BYOD is much better suited to some types of enterprise workflows than others. Intermec and Enterprise Mobile have collectively provided mobile workflow solutions and support services to thousands of customers and have seen both BYOD success stories and failures. In our experience BYOD’s success and value correlate directly to the complexity of the work process. The simpler the process, the greater the flexibility for devices that workers can use. “Complexity” is subjective. Some of the specific factors that determine complexity include how much information needs to be entered into the device to complete the work process, how the information is collected, and whether mobile applications and users work independently of host databases, CRM systems and other enterprise applications. The level of help desk and software development resources available to support mobile workers are also important variables for BYOD effectiveness.

The more simple the process the more likely that a business can survive on a consumer device. The more complex the workflow the less likely that a consumer device can accommodate the solution effectively. Consumer devices, even the most complex, are generally designed for single-threaded workflows such as taking a picture, making a phone call or searching the Web. A more robust platform is needed the moment these functions start to converge in a workflow that uses additional functions, such as data capture and database lookups over the Internet. This is especially true considering that this convergence of activities for some workflows may happen 30 to 300 times a day in enterprise operations.

To summarize: if the workflow calls for minimal interaction with the user during the workday and is more of a failsafe communications tool used in the case of a rare exception event, a consumer-based, user-owned device may be acceptable. If mobile needs include frequent interaction, reliable integration with back office systems and enterprise level solutions availability, then an industrial, corporate-managed solution is likely a more appropriate choice. The key factors to consider are summarized in the following sections.

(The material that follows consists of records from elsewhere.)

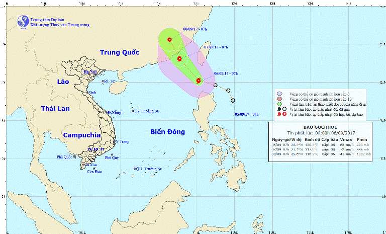 Dự báo trong 24 giờ tới, bão di chuyển theo hướng Tây Bắc, mỗi giờ đi được 15-20km. Đến 7 giờ ngày 7/09, vị trí tâm bão ở vào khoảng 23,1 độ Vĩ Bắc; 117,8 độ Kinh Đông, trên vùng biển phía Đông Nam tỉnh Phúc Kiến (Trung Quốc). Sức gió mạnh nhất ở vùng gần tâm bão mạnh cấp 8 (60-75km/giờ), giật cấp 10.
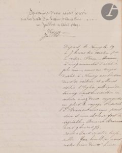 Cahier ligné de 18 pp., encre brune. Couverture de papier bleu. Non relié.
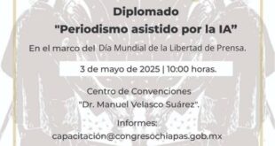 + Representantes de los medios de comunicación*: Te extendemos una cordial invitación a participar en el *Diplomado «Periodismo asistido por la IA»*, una iniciativa conjunta del *Congreso del Estado de Chiapas* y la *Universidad Autónoma de Chiapas*, diseñada especialmente para ti. Este diplomado tiene como objetivo *fortalecer tus habilidades en …

BYOD Can Be Effective When…

  • Users have minimal interaction with the device
  • Mobile device is a fallback communication tool rather than a primary work tool
  • Mobile workers and/or applications do not need frequent interaction with back office systems
  • There is little or no use of automated data collection features and peripherals
  • Legacy applications are Web-based and will not require redevelopment

BYOD Is Probably Inappropriate If…

  • Barcode or other automated data collection is fundamental to efficient work processes
  • Software is optimized for data collection devices, e.g. to take advantage of scan data entry
  • Workflows or mobile applications depend on interaction with enterprise systems
  • Devices are commonly used in outdoor, industrial and non-office environments;
  • Software and tech support resources are limited’
  • Specialized mobile applications are supported
  • Device failure will cause prevent workers from completing their primary tasks

Conclusion

When mobile devices are not essential to complete primary work tasks there is a lot of flexibility in the devices that can be used. That is why BYOD took root among office-based and occasionally connected mobile workers. Now BYOD interest is spreading to mobile workers who perform specialized tasks, where there is a less clear value proposition. Enterprises are finding themselves having to make the decision of giving workers what they want, or giving them what they need.

The BYOD value proposition for specialty mobile environments is not clear cut because downtime, service and software development costs may all be higher compared to general-use environments where workers run common business applications and can continue working if their mobile devices are unavailable. A BYOD cost-benefit analysis must look at factors other than hardware savings and address software and support considerations.

Even with comprehensive analysis the costs and value of specific device can still be hard to fully measure. The value of mobile automation initiatives comes from having consistent, optimized work processes. Mobile devices are often essential enabling tools for optimized work processes, so failing to take full advantage of their specialized features and capabilities undermines the value of mobile automation.